From the Guidelines
Chemotherapy can negate the protection from the MMR vaccine, and revaccination is recommended for patients with acute leukemia (AL) more than 24 months after completion of therapy, based on serostatus (BIIt) 1. The impact of chemotherapy on MMR vaccine protection is a significant concern, particularly for patients with hematologic malignancies or solid tumors. According to the guideline by the Infectious Diseases Working Party (AGIHO) of the German Society for Hematology and Medical Oncology (DGHO) 1, patients with AL are at high risk of losing immunity to measles, mumps, and rubella due to chemotherapy-induced immunosuppression. Key considerations for MMR vaccination in patients undergoing chemotherapy include:
- The timing of vaccination: MMR vaccination should be performed more than 24 months after completion of therapy 1.
- Serostatus: Revaccination should be considered based on the patient's serostatus 1.
- Immunosuppression: Live vaccines, including MMR, are contraindicated in patients with severe immunosuppression, and alternative approaches, such as passive immunization, may be necessary 1. Healthcare providers should assess the individual patient's risk factors, including the type and intensity of chemotherapy, to determine the best approach for maintaining or restoring MMR immunity. In general, patients with AL should receive a booster dose of MMR vaccine after completion of treatment, as the risk of measles infection is high in immunocompromised patients, and antibody titers are likely to decline after chemotherapy 1.
From the Research
Effect of Chemotherapy on MMR Vaccine Protection
- Chemotherapy can negatively impact the protection provided by the Measles, Mumps, and Rubella (MMR) vaccine 2, 3, 4, 5.

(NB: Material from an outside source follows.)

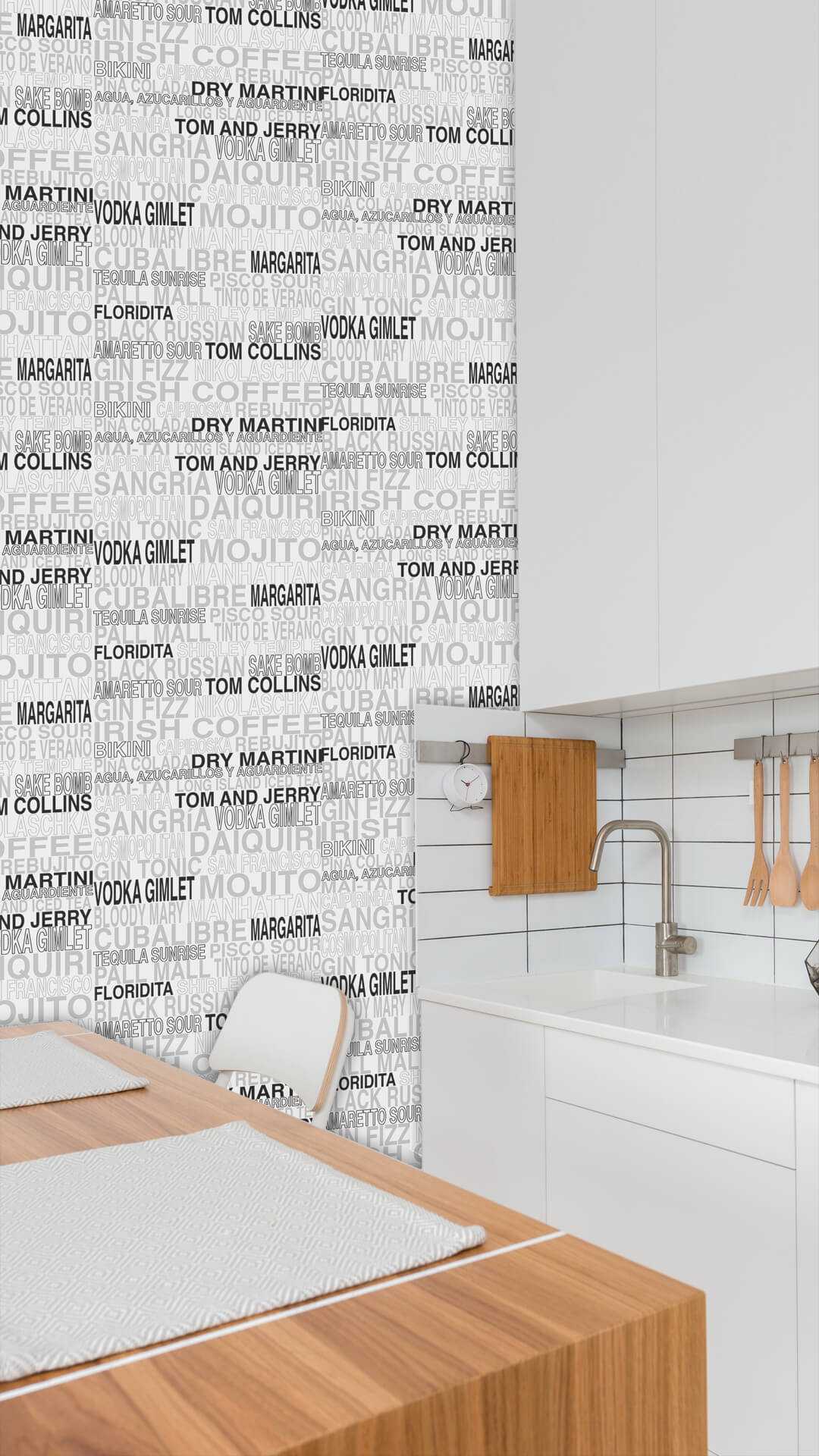 Decorate your walls with the names of the most famous and sophisticated cocktails, feel like drinking a caipirinha in Brazil in your own kitchen or a bloody mary at Manhattan at your living room.

- Studies have shown that a significant number of children lose preexisting humoral immunity against MMR after completion of chemotherapy 2.
- The loss of immunity against MMR viruses has been observed in patients undergoing chemotherapy, with seropositivity rates declining after treatment 3, 4, 5.
- Factors such as age and the type of chemotherapy may influence the loss of immunity, with younger patients and those receiving certain types of chemotherapy being more likely to experience a decline in antibody levels 2, 3.
Restoration of Immunity
- Re-vaccination after chemotherapy can restore protective immunity against MMR viruses in some patients 4, 6.
- A single booster dose of the MMR vaccine has been shown to elicit protective titers in the majority of patients, with a second dose being effective in non-responders 3, 6.
- The optimal number of doses and the role of post-vaccination titers in adult hematopoietic cell transplant recipients are still being studied, but available data suggest that MMR vaccination can be effective in restoring immunity in this population 6.
Implications for Patient Care
- Patients who have undergone chemotherapy may be at increased risk of infection with MMR viruses due to the loss of immunity 2, 3, 4, 5.
- Healthcare providers should consider evaluating the immune status of patients after chemotherapy and providing revaccination as needed to restore protective immunity against MMR viruses 4, 5.